Michael Wilson writes a 'Crime Scene' column for the NYT that highlights unusual crimes committed in New York City, usually something offbeat like purloined fruitcake, or the confidence game of gypsy fortune tellers, or three-card Monte operators.

In one case of a gypsy fortune teller, the amount that was filched from the victim reached the stratosphere of three-quarters of a million dollars. Heavy going.

The amounts are not usually that high. Purloined fruitcake would have been hard pressed to crack the $1,000 level needed for the crime to be classified as a Class E Grand Larceny felony. And even then, it has to fit inside the range of $1,000 to $3,000. The perpetrator can always work there up through the penal code, however.

The most recent incident involving a theft that hit the 'Crime Scene' column is the lifting of seafood, specifically sacks of clams, oyster and mussels, from the back of a delivery van. Also the hand truck. Value declared in the police report: $350.

The delivery van was making its rounds through the restaurants of Tribeca when the driver realized a delivery earmarked for a specific restaurant was no longer in the van. The driver admits to not locking the van when making the deliveries to restaurants, which often require him to take the sacks of seafood on a hand truck and enter the cellar of the restaurant. He's working alone, so the truck is left unattended.

His initial working theory is that some junkie might have seen an opportunity to take something and perhaps fence it. Maybe they were inspired by the fellow who reached into the back of an armored truck who made off with a bucket of gold flakes weighing nearly 80 pounds and worth $1.6 million.

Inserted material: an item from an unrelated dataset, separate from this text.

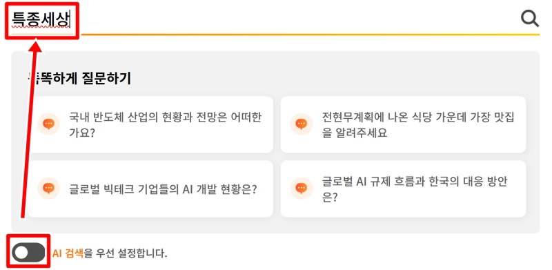 'AI 검색'을 선택하면 검색어를 입력할 수 있는 창이 나타납니다. 여기에 우리가 찾고 있는 프로그램 이름인 '특종세상'을 입력해 주세요. 보통 프로그램 이름을 정확히 입력하면 바로 관련 결과가 나타나서 편리합니다.

He certainly could have used a hand truck. (That perpetrator was later apprehended; the gold was not recovered.)

The junkie theory certainly has merit. If anyone can remember the very early Al Pacino movie,'Panic in Needle Park,' you might recall that Pacino, with a killer heroin habit, simply reaches into the back of an unlocked van and pulls out a television set. This is a 70s movie, so the set is small, and likely a black and white set. Seen in today's context, the value of that TV seems to be less than a weekly MetroCard.

Back in the 60s, at the family flower shop on Third Avenue and 18th Street, we sometimes had spring plants on the sidewalk, usually pots of geraniums. These sometimes proved tempting for some of the Bowery bums, as they were known then, who happened to wander north of 14th Street, to scoop up a plant or two and head for the gin mill down the block to convince the bartender that the plants were worth a drink or two. It usually fell to me to follow the poor soul down the block, confront him, and get the plants back. Always without drama.

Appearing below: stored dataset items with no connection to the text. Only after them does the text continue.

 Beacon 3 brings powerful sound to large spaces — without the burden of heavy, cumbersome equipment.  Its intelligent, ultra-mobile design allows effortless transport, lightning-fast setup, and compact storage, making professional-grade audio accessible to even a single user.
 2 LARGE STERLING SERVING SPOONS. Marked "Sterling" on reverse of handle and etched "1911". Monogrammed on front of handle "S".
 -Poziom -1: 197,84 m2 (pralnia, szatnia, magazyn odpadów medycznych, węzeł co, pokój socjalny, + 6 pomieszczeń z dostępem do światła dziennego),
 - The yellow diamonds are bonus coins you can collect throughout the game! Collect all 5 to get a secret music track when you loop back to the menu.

The driver of the seafood van shakes his head at the fencing theory, wondering who in their right mind buy shellfish that "fell off the truck," without knowing how long it's been away from refrigeration. Of course, the perpetrator could be advertising it as "fresh" off the truck.

Another theory that later occurred to the driver was that he was the victim of a planned heist. Weeks before he spotted a Jeep that was surely following him as he was making his deliveries in the area. Their tailing of him lasted three hours, certainly longer than any 'Homeland' episode as Saul Berenson tries to evade hostiles in Beirut.  The driver became so suspicious of the vehicle, thinking it might be someone who was trying to poach the route, that at one point he took a picture of the vehicle and the two men in it.

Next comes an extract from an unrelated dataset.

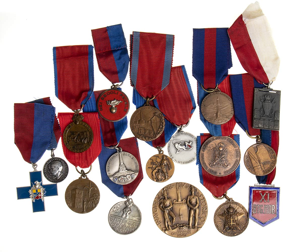 PICCOLA COLLEZIONE DI MEDAGLIE DEI CARABINIERI, UN MEDAGLIONE NON PORTATIVO IN BRONZO COMMEMORATIVO L’INAUGURAZIONE DEL MUSEO DELL’ARMA NEL 1937, SEI MEDAGLIE CCRR DELLE LEGIONI DI MESSINA, PALERMO, PADOVA, TRIESTE E CATANZARO IN BRONZO, UNA RETTANGOLARE IN ZAMA E VERNICE DELLA LEGIONE CARABINIERI REALI DEL LAZIO, UNA IN METALLO ARGENTATO PRO FONDAZIONE ARMA CCRR, UNA IN ARGENTO COMMEMORATIVA L’ISTITUZIONE DELL’ARMA, UNA BELLISSIMA REPUBBLICA DELLA LEGIONE CARABINIERI DI UDINE,BATTAGLIONE MABILE CC FIRENZE, 2° BTG CC LIGURIA, MEDAGLIA AL MERITO PER ASSISTENZA AGLI ORFANI, 1° REGGIMENTO CC IN ARGENTO, COMPAGNIA CARABINIERI PLUTO DI VICENZA, XI BTG. MOBILE, CROCE GENERICA

Perhaps the men in the Jeep were reasoning that oysters always had valuable pearls in them, so a heist of a sack of oysters might be like scoring some pearl necklaces. Who knows what they might have been thinking. That clams, as a slang for money, meant that the guy was really driving an armored car?

After the reading the story I immediately thought of a cartoon I saw in 'Playboy' eons ago. It showed a very hippie looking duo, one with a gun holding the driver of a FINK bread truck at gunpoint and his partner coming out of the back of the van telling the other the bad news: "Hey man, it really is bread."